I felt bad. It wasn't such a bad little printer - all it needed was a little love. No, actually, all it needed was some designers with half a brain and a corporation behind it that didn't equate screwing the consumer with dollar signs.

No, really. I was sad. I've always tended to personify objects, to feel they have some sort of life, and some sort of feelings, and I sympathize when one might feel badly. This includes inanimate objects. Not so much rocks and soil and stuff. OK, at least not all the time, because I just don't have the time for that.

Let's say I'm playing Spider Solitaire. I have a ten, nine, and eight showing in one column, and an eight, seven, six and five in another. Since the game is about building sequences of cards, the smart thing to do, of course, is to take the seven through five cards and slap them down onto the other column.

But I feel bad for the eight that I'm robbing of its chance for greatness, and that will end up alone. It wasn't its fault that it was the beginning of the chain - it was, literally, the luck of the draw. It had its little friends, Seven, Six, and Five, and here I am ripping them away to put with a bigger chain, just so I can maybe win a game, which is unlikely, anyway.

And there's always been the helpless victims of my anger that could neither cry out their pain, nor defend themselves in any way more effective than bloodying my knuckles or breaking a bone or two in my hand.

A porcelain bowl, part of a set of my favorite bowls, thrown into a sink. It wasn't as solid as it seemed.

A pen, a windshield, a wall, not mere testaments to the weakness of my control, but things that themselves suffer because of it.

So, when it was all over that night, when the wave passed and receded, and only the regret remained, my little printer sat there with its little cover bashed in. It made a sad little strained sound as its broken little printer head tried to move down its shiny little track, but it hung on a jagged edge. It was beyond repair. I had bought it at a discount for $64.99 at Frye's a few years ago, while I was still unemployed, and newly relocated from the home I had shared with my former girlfriend. We were both refurbished, damaged goods hoping that attempts at mending would make us, if not whole, then worthy of some purpose, of somebody.

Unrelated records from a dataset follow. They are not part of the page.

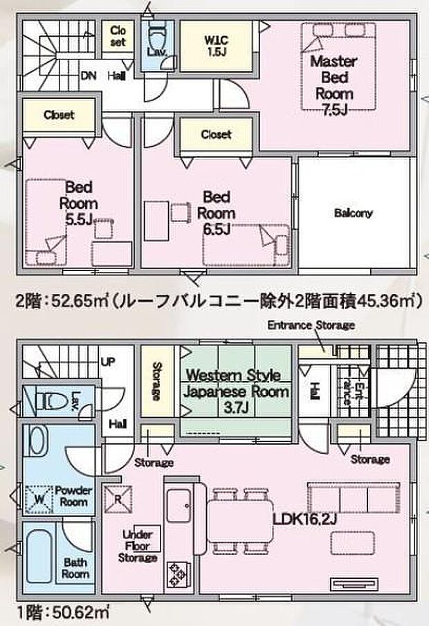 | 間取り | 4LDK 間取り内訳:リビングダイニングキッチン 16.2帖(1階)・和室 3.7畳(1階)・洋室 6.5帖(2階)・洋室 5.5帖(2階)・洋室 7.5帖(2階) |
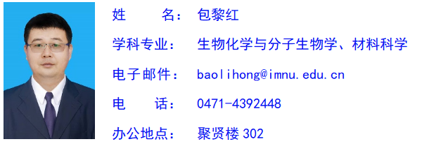 包黎红,男,蒙古族,生于1983年,祖籍内蒙古科右中旗,工学博士,教授,博士生导师。内蒙古电子显微镜学会理事。内蒙古自治区“草原英才”。先后入选内蒙古自治区“青年创新人才”一层次、内蒙古高等学校“科技领军人才”。长期从事纳米稀土硼化物、过渡金属硼化制备、表征、光电催化性能及光热疗特性对生物杀菌方面研究。发表高水平学术论文 32 篇。主持国家自然科学基金项目 2 项,内蒙古自然基金项目 1 项,内蒙古自治区自然科学基金杰出青年项目 1 项。获 2019 年度内蒙古自治区自然科学三等奖。
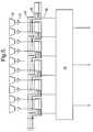 The invention avoids both of the above disadvantages, without increasing the number of control points. This is achieved by increasing the size of the sub-arrays but not the spacing. Thus the sub-arrays “overlap”, and each element participates in a number of sub-arrays. The number of control points (ports) is nevertheless reduced. Referring toFIG. 1, an example of an overlapping sub-array is shown, comprising a linear array ofantenna elements2. Foursub-arrays4 are formed, each comprising six elements, and each having a control point/respective interface port6. Threeelements8 from each sub-array also form part of an adjacent sub-array (on each side), so that in the major, central part of the antenna, each element (in this linear array example) participates in two sub-arrays.
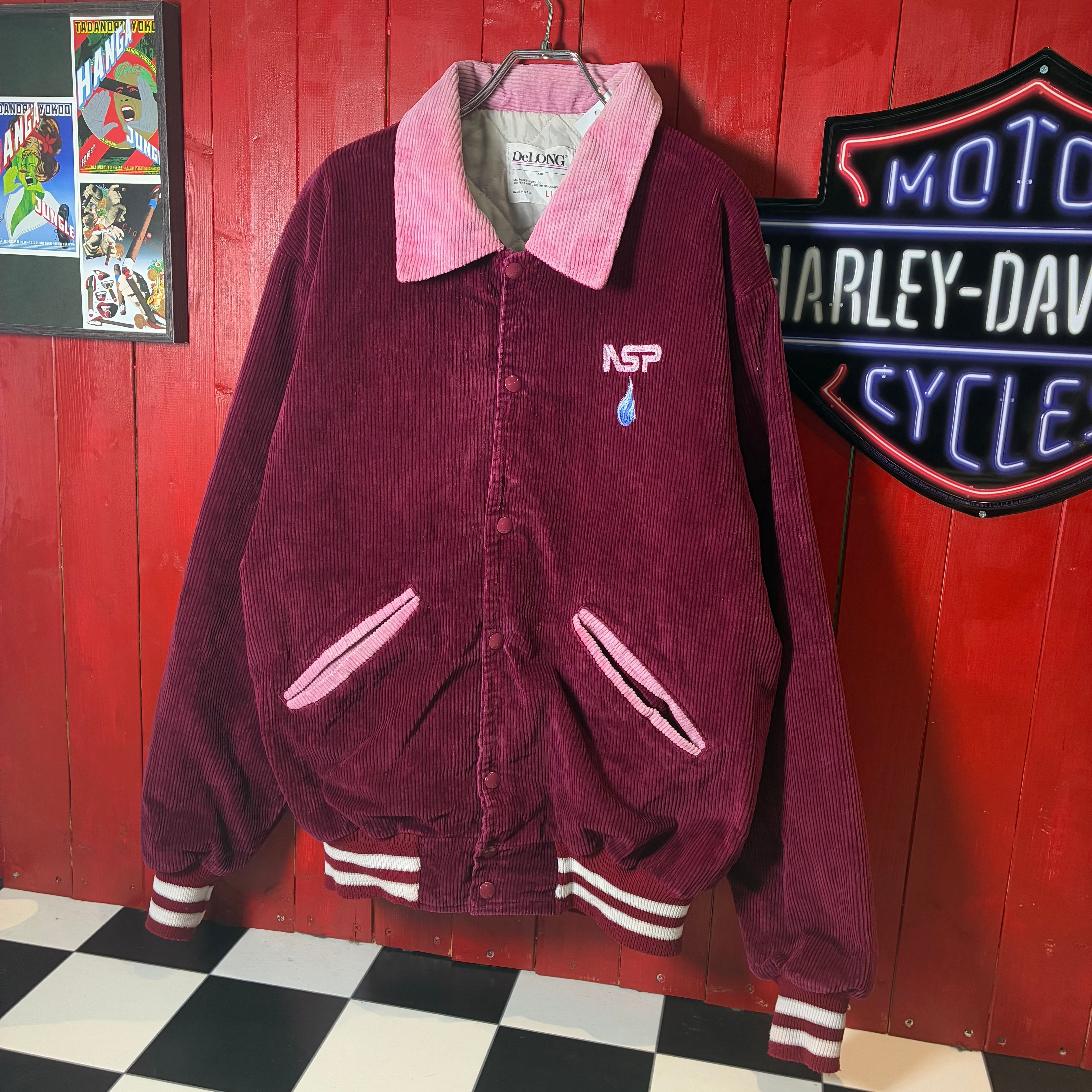 DeLONG USA製 コーデュロイスタジャン 90s 企業ロゴ バーガンディ スタジャン アメリカ古着 ワーク系 ヴィンテージ
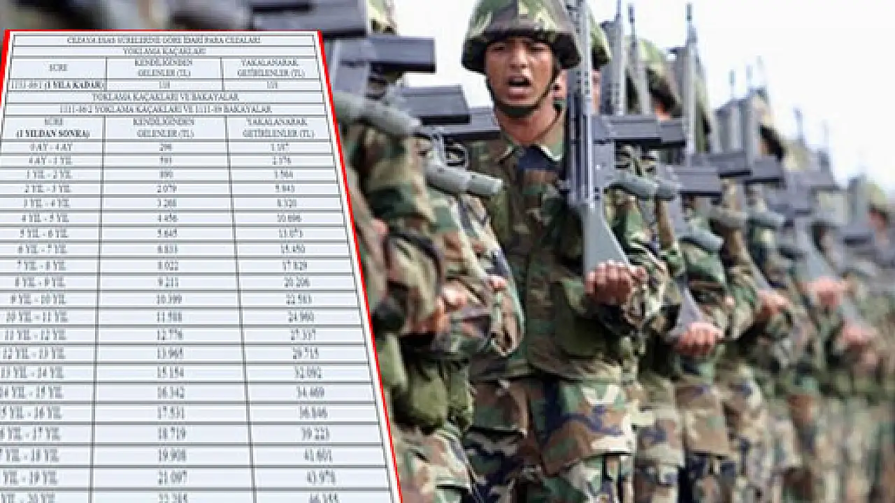 "Örnek olarak, 2013 yılında 1 yıla kadar yoklama kaçağı kalan ve işlemlerini kendiliğinden ya da yakalanarak gelerek tamamlatan yükümlüye 118 lira para cezası verilirken bu miktar, 2 yıla kadar yoklama kaçağı kalan ve işlemlerini kendiliğinden tamamlatan yükümlülere 593 lira, yakalanarak getirilen yükümlülere ise 2 bin 376 lira olarak, 5 yıla kadar yoklama kaçağı kalan ve işlemlerini kendiliğinden tamamlatan yükümlülere 3 bin 268 lira, yakalanarak getirilen yükümlülere ise 8 bin 320 lira olarak uygulanacak."
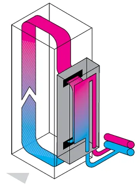 Теплообменники воздух/вода Теплообменники «воздух/вода» работают аналогично теплообменникам «воздух/воздух», только вместо холодного наружного воздуха используется холодная вода из внешнего водяного контура. Благодаря использованию холодной воды или другого теплоносителя можно отвести такое количество тепла, что температура внутри оболочки станет ниже чем температуры снаружи. |

One of its last efforts had been to print out hundreds of pages of writing that were bound into a carefully and painstakingly chosen three-ring binder. I had wondered if it could handle the task, but it came through for me.

And then, on that horrible night, failed by the design choices made by its corporate parents, and it couldn't do what I asked of it, and with a couple of blows, I killed it.

Later, adrenalin fading to a leaden remorse, I sat and stared at it, and I saw.

So, several days later, armed with a Best Buy gift card, I went to find not a replacement, but a successor. The first printers to catch my eye were two purposeful-looking black devices that printed photographs as well as your run-of-the-mill black and white documents.

The differences between the two were negligible, it seemed, because quite frankly, they both looked extremely cool and impressive. One was an HP printer, and the other was a great-great-great grandchild of my so-recently deceased Canon, a family that only days before I had sworn to never associate with again.

After about half an hour of waffling and staring at the two units at various angles, and poking at them to test their structural integrity, it finally occurred to me to get some test prints. I brought in the little wafer storage thingy from my digital camera, and stuck it in the Canon printer.

The Best Buy guy that helped me was a bit older, seemingly honest, and possessed an eerily unnatural air of competence and professionalism for a consumer electronics store. I wondered how recently he had become unemployed from some better paying and infinitely more prestigious job.

Still, he was unsure how to work the products, so I offered suggestions along the way. It turns out it was fairly straightforward. We picked a good sample picture, and hit "print".

It clicked and whirred, then kachunked.

It whirred and clicked... then kachunked.

It repeated each process several more times, as if to prove that it really was making an effort, before it admitted failure.

Another Best Buy employee's knowledge was limited to the concept that the printer took in some sort of paper, and pictures came out the other end, a process that was apparently as simple as the flow of nutrient through his body, or information through his smallish, yet echoey noggin.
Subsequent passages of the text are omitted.